Dataset extract –
⟨

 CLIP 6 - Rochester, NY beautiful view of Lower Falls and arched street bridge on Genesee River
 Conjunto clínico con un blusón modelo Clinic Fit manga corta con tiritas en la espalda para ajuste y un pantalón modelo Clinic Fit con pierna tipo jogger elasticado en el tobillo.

⟩
⟨

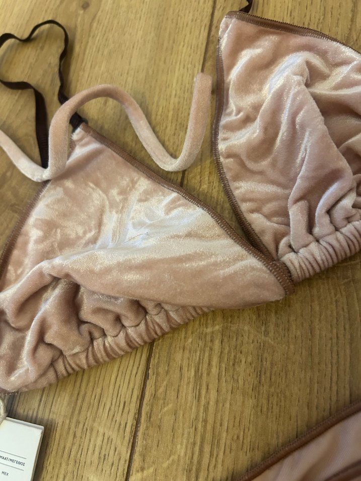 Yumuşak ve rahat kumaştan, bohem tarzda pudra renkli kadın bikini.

⟩

Exercise – Please transcribe exactly the lines above from the line that has "CLIP 6 - Rochester, NY" up to and including the line that has "Conjunto clínico con"; no other line belongs in the answer.

Response area –
 CLIP 6 - Rochester, NY beautiful view of Lower Falls and arched street bridge on Genesee River
 Conjunto clínico con un blusón modelo Clinic Fit manga corta con tiritas en la espalda para ajuste y un pantalón modelo Clinic Fit con pierna tipo jogger elasticado en el tobillo.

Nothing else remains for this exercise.